Ensemble ML algorithms. 1. Relevant Concepts to Ensemble Based… | by Nikhil Sawal

Now we will talk about some commonly used tree based models. We will talk about what is under the hood for each of the following algorithms? how do they work in a classification and regression setting? and finally compare some algorithms:

Random Forest
Gradient Boost
XGBoost
AdaBoost

2.1 What is a random forest?

Random forest is a popular ensemble machine learning model. Ensemble methods combine the predictions of multiple base models (often referred as weak learners) to create a stronger and more robust model.

The fundamental building block is a decision tree as represented in the figure below, where each parent node (in Yellow) represents a decision or test on a feature column and each leaf node (in Green) represents the output or the prediction of the model.

What makes this model effective are 2 things:

Bootstrapped Data set: Each tree is trained using a randomly sampled dataset from the training data.
Random features: A random subset of features is considered at each split (at each node).

Both these points mean that each tree is grown completely independent of one another.

Advantages of random forest include :- High level of accuracy, Robust, Handles high-dimensional data, Feature importance and works well for both regression and classification.

2.2 How is a random forest created? How do we measure the accuracy of it?

Steps for constructing a random forest:

STEP 1:

Create N bootstrapped dataset.

STEP 2:

Train a decision tree using each of these bootstrapped dataset, but only using a subset of the variables from the data set at each split. So the algorithm is not even allowed to consider a majority of the available predictor variables.

This is clever because, let’s say there is one strong predictor and few moderately strong predictors, for the bagged trees, most of them will use the strong predictors at the top. Consequently all the bagged trees would look similar and hence the prediction for the bagged trees will be highly correlated. Unfortunately, averaging many highly correlated quantities does not lead to as large of a reduction in variance as averaging many uncorrelated quantities. In particular this means that bagging will not lead to a substantial reduction in variance over a single tree in this setting.

For eg: If the original dataset has 4 feature , 2 will be selected to identify the feature that gives better split for the root node. For each of the following child nodes, 2 out of the remaining 3 feature (3 because, feature selected for root node is excluded) are randomly selected to grow the tree.

Now, steps 1 & 2 are repeated N times, to create a forest of N trees. To measure the accuracy of the model, averages are taken from each of the trees build in the random forest for regression problems and majority votes for classification problems, which are later evaluated by comparing them with the true values.

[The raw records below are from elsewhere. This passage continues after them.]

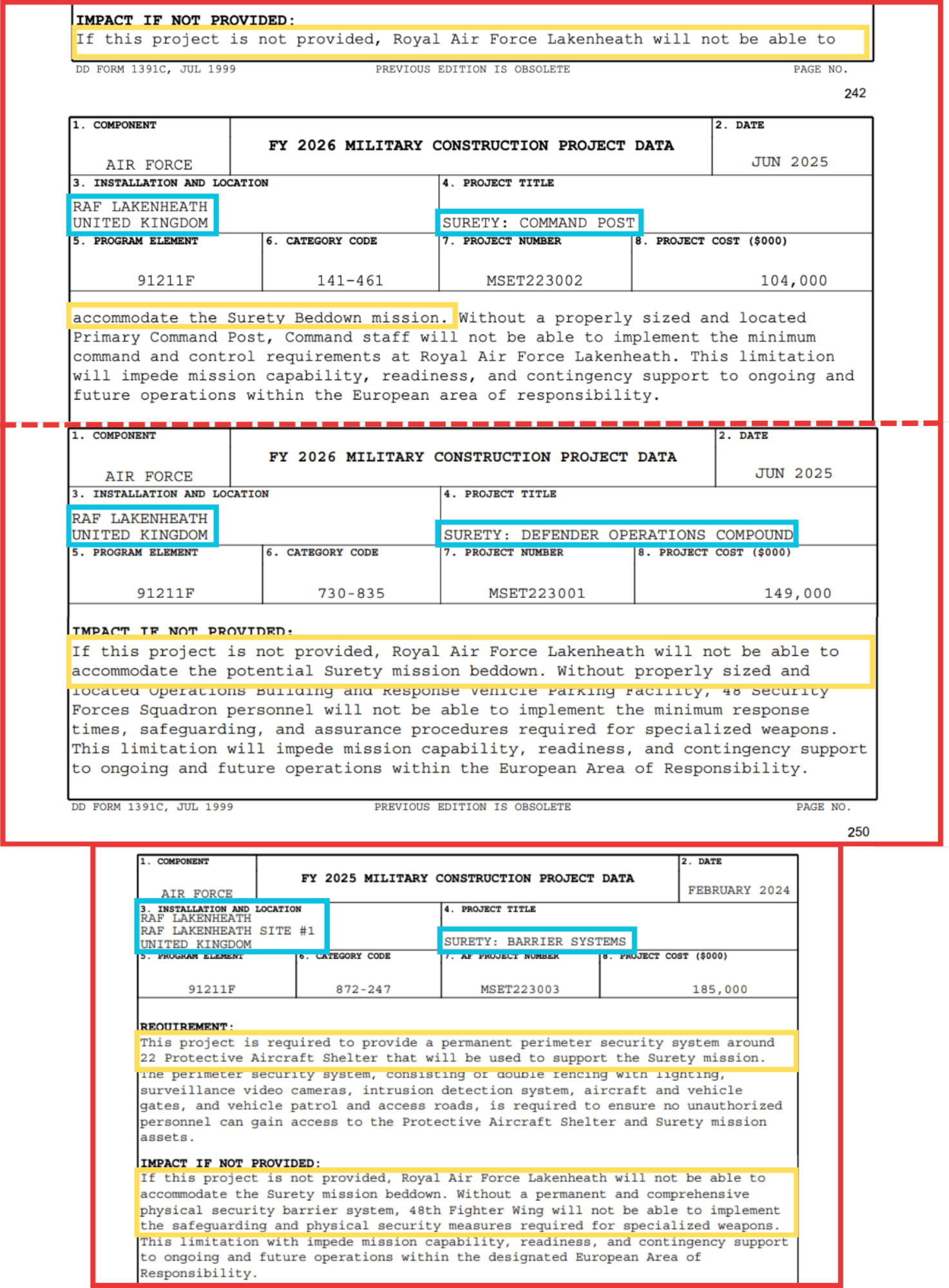 2026财年空军预算中列出的第二个项目是位于英国皇家空军莱肯希斯基地的“防御者作战大院”,其中包括一系列与安全相关的基础设施、人员和作战支持,因为现有能力被认为“不足以承担当前任务”。该项目旨在“增强安保能力,以支持皇家空军莱肯希斯基地可能部署的专用武器。专用武器保障包括有助于保障专用武器安全和可靠性的物资、人员和程序,并确保不会发生专用武器事故、事件、未经授权的武器爆炸或目标性能下降。”预算的这一部分重申了该项目对于莱肯希斯基地“适应潜在的‘保障’任务部署”的重要性。施工计划于2028年3月开始,预计于2031年6月完工。指挥所和防御设施这两个项目,在24财年和25财年的预算中均被列为“未来项目”。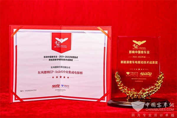 东风德纳EP-Axle6电驱桥荣获“新能源客车电驱动技术成果奖”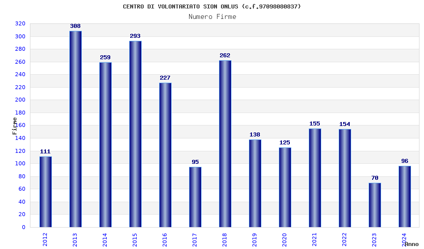 | Anno | Firme | Importi | Media | Naz. | Reg. | Prov. | Comu. |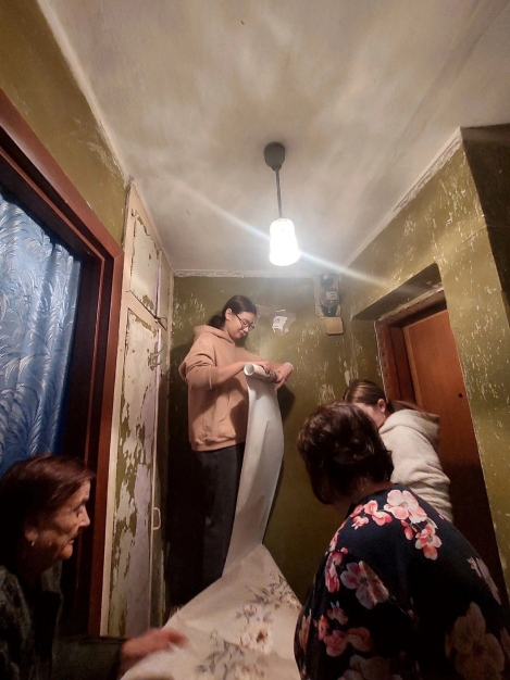 Волонтёры Победы города Гуково на протяжении нескольких выходных дней помогали ветерану Великой Отечественной войны Раисе Григорьевне Шевелёвой. Ребята помогли сделать косметический ремонт и помогли поклеить обоями стены кухни и прихожей.

For hyper-parameter tuning, we can play with N (number of trees in the forest), p (random number of feature columns used in step ii), number of decision trees, depth of each tree.

To measure the accuracy of the model, depending on the use case:

For classification problem: We can use Precision, Recall, Accuracy, F1, AUC and ROC curve
For regression problem: We can use MAE, MSE, RMSE, R-squared

2.3 What is gradient boosting? What are the steps to create a gradient boosting model in context of regression?

Gradient boosting is very similar to random forest with the exception that each tree is grown sequentially based of the residuals from the previous tree. It is a boosting algorithms as referred in Section 1.

The idea is to use the gradient descent technique to sequentially reduce the loss function (something like Sum of Squared Residuals SSR). Instead of just averaging predictions as in the random forest model, each of the boosted tree receives a weight based of its performance and predictions are computed based of weighted averages.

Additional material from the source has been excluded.